If the sum of external forces in a system is 0, then the sum of momentum is 0 and therefore conserved

If the forces in a particular direction are not conserved (i.e. gravity), conservation of momentum may still apply in the other components

Example 1

Before: two equal masses are moving toward each other with equal velocities.

After: the masses collide and stick together

Initial Energy

${\displaystyle 2\times {\frac {1}{2}}mv^{2}=mv^{2}}$

Final Energy

no movement, so 0

Clearly, there is no conservation of energy (Initial energy is greater than 0, while the final energy is 0)

Work of non-conservative forces is done by internal forces (i.e. deforming the objects as they collide)

However, momentum is conserved since there are no external forces and ${\displaystyle P_{i}=P_{f}}$.

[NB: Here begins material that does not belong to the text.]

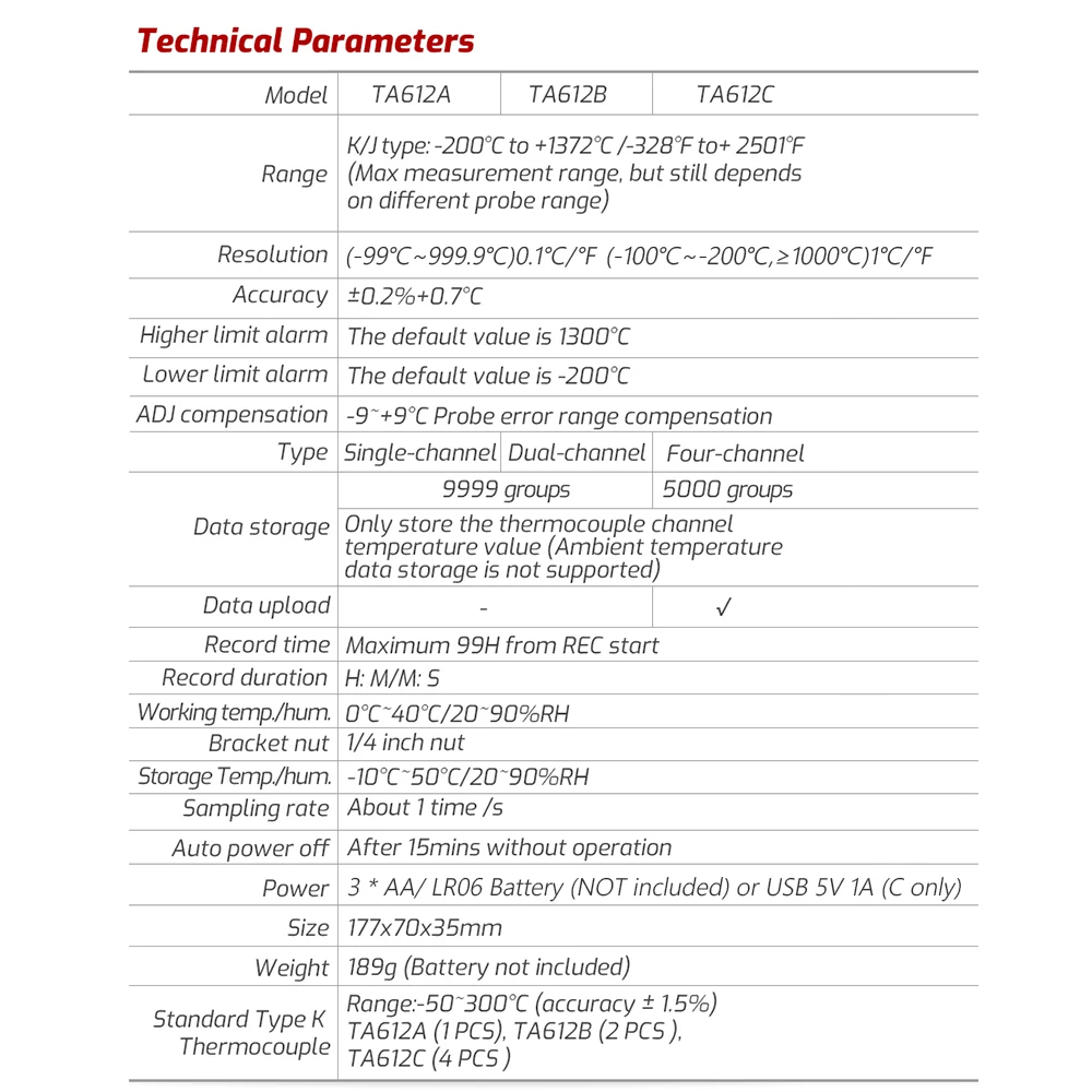 Цифровой цветной дисплей VA для удобного чтения. Функция удержания данных, максимальное/минимальное значение. И только C имеет интерфейс USB и поддерживает загрузку данных и измерение в реальном времени.

${\displaystyle P_{i}=mv_{1}+mv_{2}=mv_{1}-mv_{1}=0}$

${\displaystyle P_{f}=0}$

Example 2: Problem 8.18

When cars are equipped with flexible bumpers, they will bounce off each other during low-speed collisions, thus causing less damage. In one such accident, a 1750-kg car traveling to the right at 1.5 m/s collides with a 1450-kg car going to the left at 1.1 m/s. Measurements show that the heavier car's speed just after collision was 0.25 m/s in its original direction. You can ignore any road friction during the collision.

1. What was the speed of the lighter car just after the collision?
2. Calculate the change in the combined kinetic energy of the two-car system during this collision.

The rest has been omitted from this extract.